### Directions for this task
Give again, word for word, the line holding "Handwoven Jute &" and every line after it through the end of the data below. Omit pictures.

[Opening Data for this exercise section]

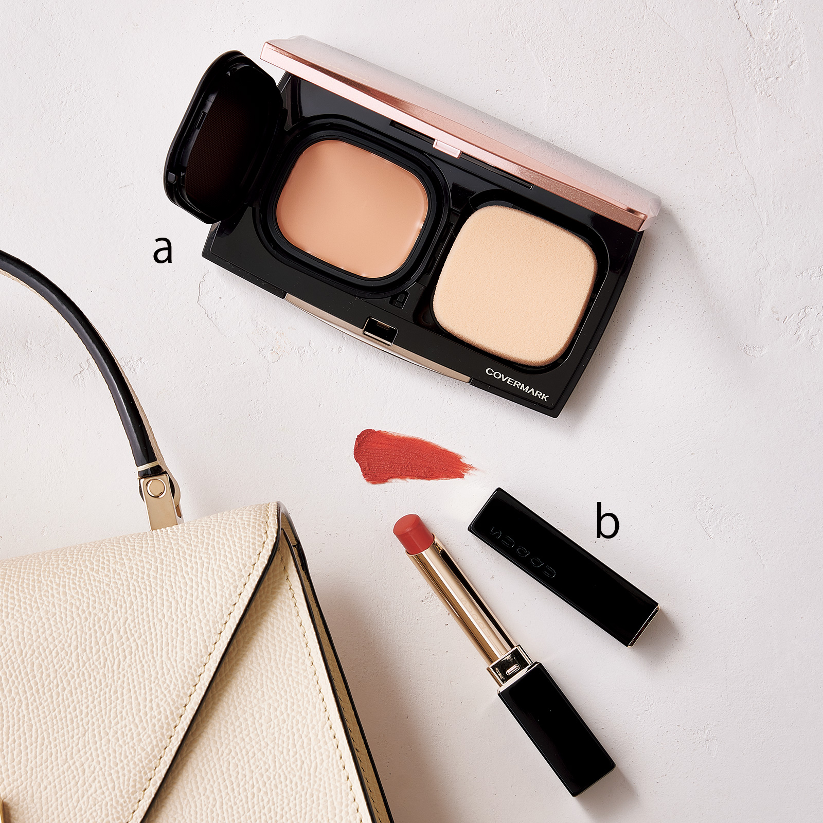 a.とにかくシミが隠せるのできちんとしたい日に最適! フローレス フィット FR10 ¥7,700 (カバーマーク)b.顔がパッと明るくなる春らしい色がいい! マットできちんと感あり、細軸なので塗り直し仕草も優雅。ベルベット フィット リップスティック 04 ¥5,830(セット価格)(SUQQU)
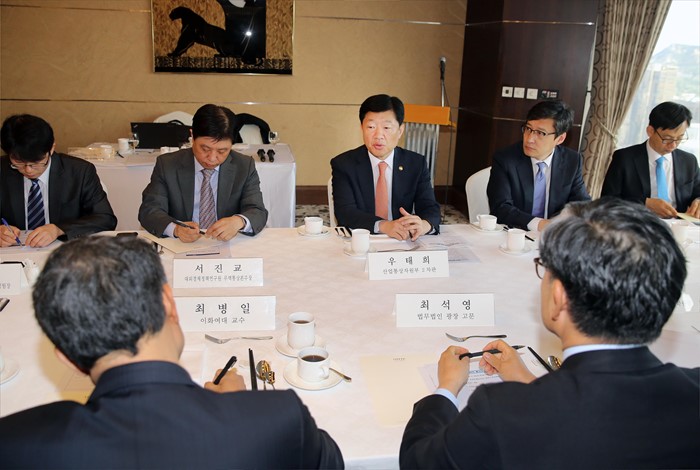(서울=포커스뉴스) 우태희 산업통상자원부 2차관이 13일 서울 중구 소공동 롯데호텔 칼톤스위트룸에서 열린 제4차 통상정책포럼에 참석해 포럼을 주재하고 있다. <사진제공=산업통상자원부>
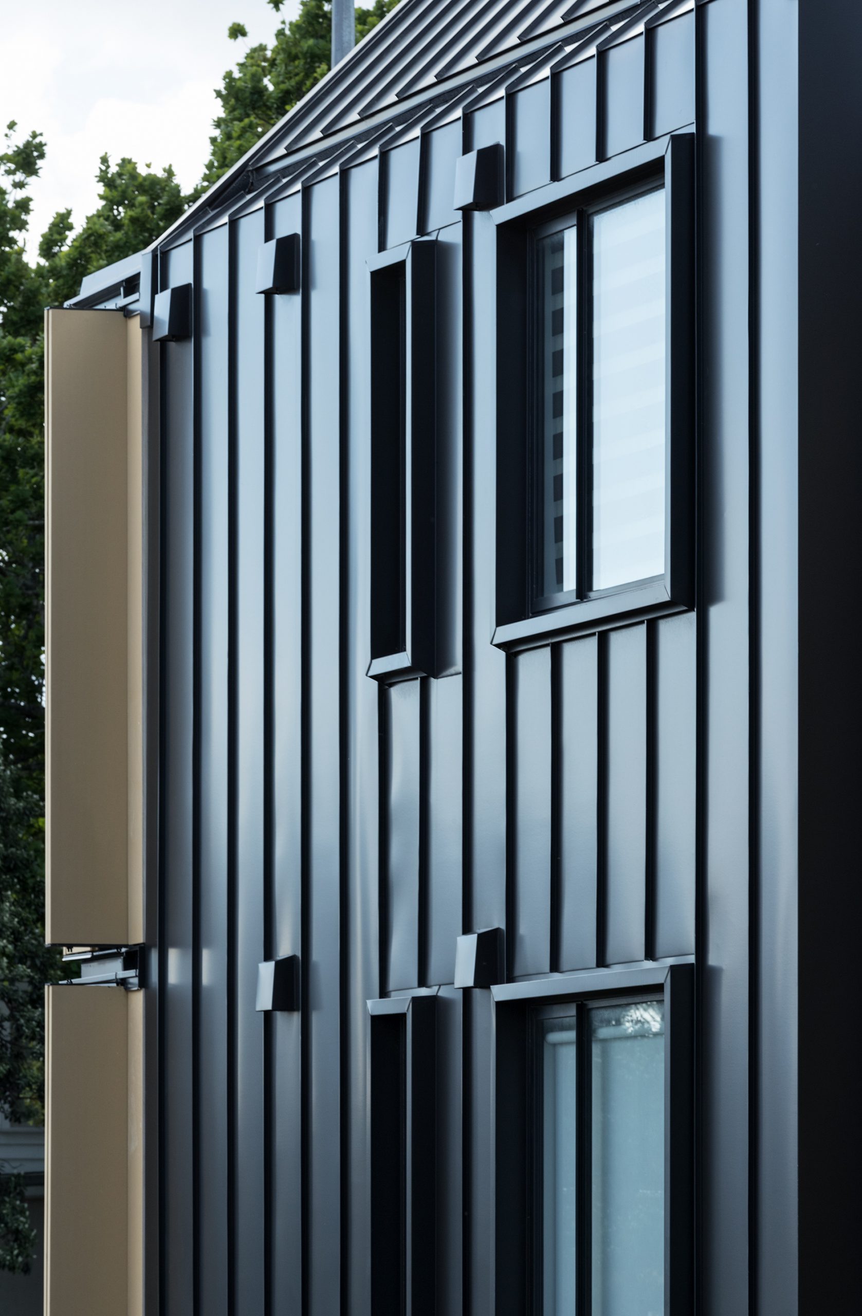 Originating in Europe this profile contributes to a pleasing wide pan tray and is available in a seam height of 25mm. The Angle Seam profile is fixed to a substrate with concealed clips. The angle seam may be completed in a range of materials including Copper, Zinc, pre-painted Aluminium and pre-painted steel.
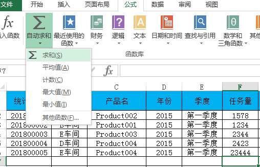 而对图二的F列进行求和就再简单不过了。选中F列数据,点击公式-自动求和-求和,就立马得到了结果。
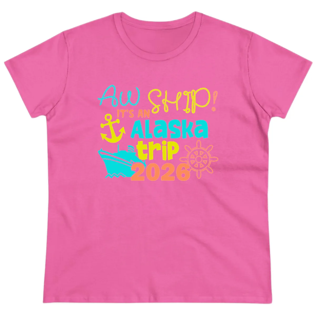 Get ready to sail in style with the "Ahoy It's An Alaska Trip 2026" Ladies Tee! This design is all about celebrating your 2026 Alaska cruise with a splash of nautical fun. Featuring playful rope lettering and a lively mix of maritime graphics, it’s the perfect way to announce your adventure and look fabulous doing it. From embarkation day to glacier gazing, this tee is your new favorite cruise companion.
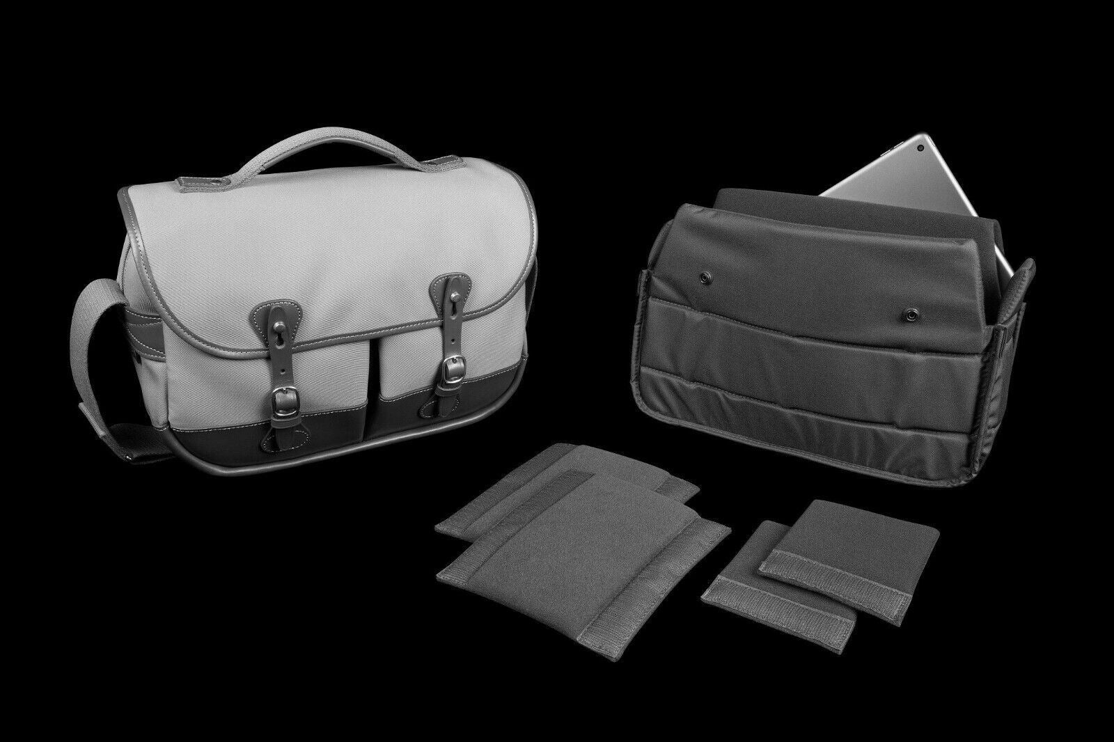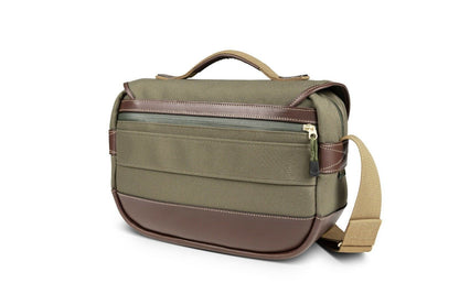 Billingham NEW Mini Eventer Camera / Tablet Bag in Sage Green with Chocolate Leather Trim with Olive Green Lining The ‘Mini Eventer’ was created following feedback from customers that whilst many loved the look and functionality of the existing ‘Eventer’, they found it was simply too big for their needs. Sized between two of our best-selling bags, the ‘Hadley Small Pro’ and ‘Hadley Pro 2020’, the Mini Eventer is designed to meet the needs of those who want the ultimate style and protection for their gear in a more portable size. Like the existing Eventer, its styling is dominated by its base that covers the lower third of the bag in the same top-grain leather that we use to make all of our bags. Carefully selected and worked to the desired shape, these large pieces of leather give the bag structure and also help to form the two deep front dump pockets. The bag also features a 2” wide shoulder sling, to match its older sibling, made from shuttle woven polyester. This sling is adjustable in length and includes a padded leather SP50 Shoulder Pad for added comfort when carrying on your shoulder. When designing the ‘Mini Eventer’ we took the opportunity to add some popular features. These features include a luggage trolley retainer strap - useful when travelling through airports etc., an improved top handle with leather underneath and weatherproof zips on the rear pocket and dual-zipped main compartment. The main compartment is also protected by the main flap, made of our 3-layer waterproof materials. Both our 3-layer Canvas and 3-layer FibreNyte materials have a layer of butyl rubber in the middle that prevents the fabric from ever needing to be reproofed. Together, the fabric and zips make this bag exceptionally weatherproof. This aforementioned main flap is opened with our ‘Quick Release System’, simply slide the top of the leather straps off the brass ‘Clogballs’ to gain access. As the leather softens and with practice, you should soon be able to open the bag one-handed. The buckles aren’t needed to gain access to the bag, they need be used only to occasionally fine-tune the tension between the main flap and front pockets (depending on what you are carrying in those pockets). The ‘Mini Eventer’ has a specially designed padded insert. Inside you can safely store and protect a small-to-medium sized DSLR such as the Canon 5D MkIV (without a battery grip), a mirrorless camera such as Fujifilm X-T4, Sony a9ii, Canon R5, Nikon Z-7ii or rangefinder camera such as the Leica M10 - each with 2-3 small-to-medium sized lenses. In the back of the removable insert is a padded area for an 11inch iPad (or similar smaller device). Alternatively, remove the insert to turn the bag into a casual bag within seconds. All Billingham bags are made at our factory in England and are covered by our 5 year manufacturers guarantee. Specifications External Dimensions W360mm (14¼") x D160mm (6¼") x H300mm (11¾") (including top handle) Internal Dimensions (Main compartment) *Please note that the bag is narrower at the top and bottom. The 'W' value is approximately 270mm (10⅝") at the narrowest point. This will reduce what camera gear can be packed inside if you use the full height of the bag. W350mm (13¾")* x D120mm (4¾") x H230mm (9⅛") (with the insert removed) 5 litres (0.18 feet³) (inside padded insert) 9 litres (0.32 feet³) (insert removed) Internal Tablet Area (sewn in into the back of the removable padded insert) Weight Pockets (x3) Front Dump Pockets (x2) Rear Zipped Pocket Shoulder Sling Measurements Luggage Trolley Strap Retainer Colour of Internal Lining Colour of Outside of Bag Colour of Inside Lining Khaki Canvas / Tan Leather Olive Khaki FibreNyte / Chocolate Leather Olive Sage FibreNyte / Chocolate Leather Olive Black FibreNyte / Black Leather Olive Navy Canvas / Chocolate Leather Chocolate
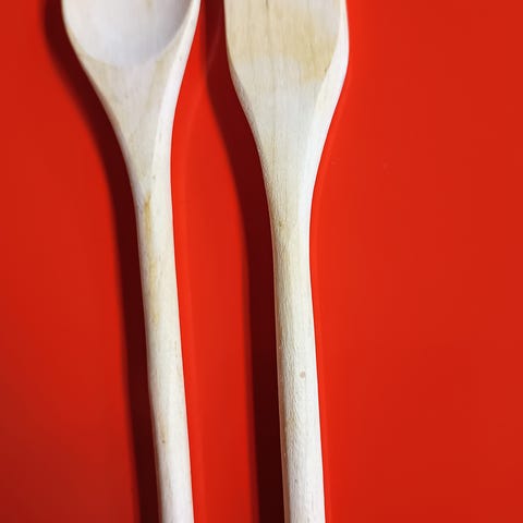 Telineessä on kolme reikää, joihin voi asettaa puisia tai koristeellisia lusikoita.
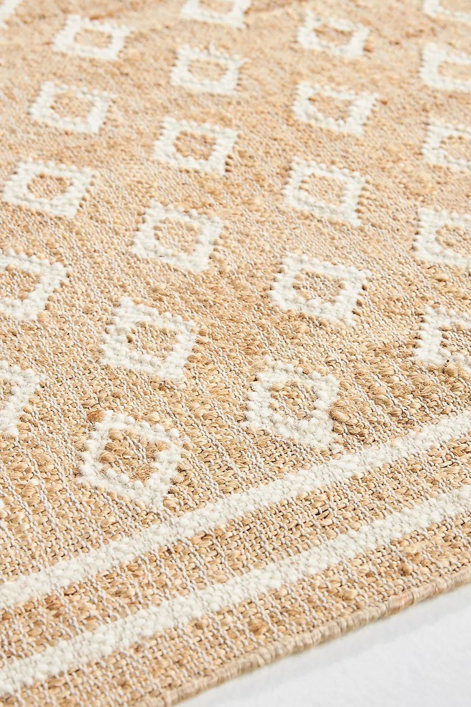 Handwoven Jute & Wool Rug with Diamond Pattern - Natural & Ivory
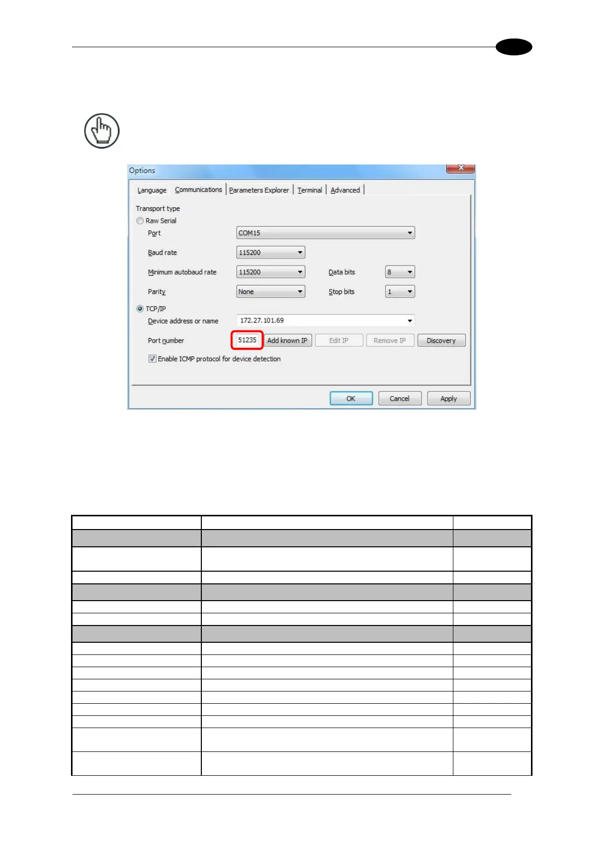 4. Click OK to return to the Communications folder. You will see the updated IP address
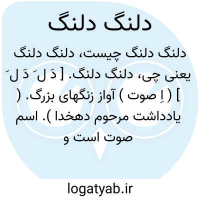 دلنگ دلنگ. [ دَ ل َ دَ ل َ ] ( اِ صوت ) آواز زنگهای بزرگ. ( یادداشت مرحوم دهخدا ). اسم صوت است و برای بازنمودن صدای زنگ و ناقوس و درای اشتران و مانند آن بکار می آید. ( از فرهنگ لغات عامیانه ). دلنگ ودلنگ. زلنگ وزلنگ. || ( ص مرکب ) آویخته که دایم حرکت کند. آونگان. ( لغت محلی شوشتر، نسخه خطی ).

[Closing Data for this exercise section]

### Task result
 Handwoven Jute & Wool Rug with Diamond Pattern - Natural & Ivory
 4. Click OK to return to the Communications folder. You will see the updated IP address
 دلنگ دلنگ. [ دَ ل َ دَ ل َ ] ( اِ صوت ) آواز زنگهای بزرگ. ( یادداشت مرحوم دهخدا ). اسم صوت است و برای بازنمودن صدای زنگ و ناقوس و درای اشتران و مانند آن بکار می آید. ( از فرهنگ لغات عامیانه ). دلنگ ودلنگ. زلنگ وزلنگ. || ( ص مرکب ) آویخته که دایم حرکت کند. آونگان. ( لغت محلی شوشتر، نسخه خطی ).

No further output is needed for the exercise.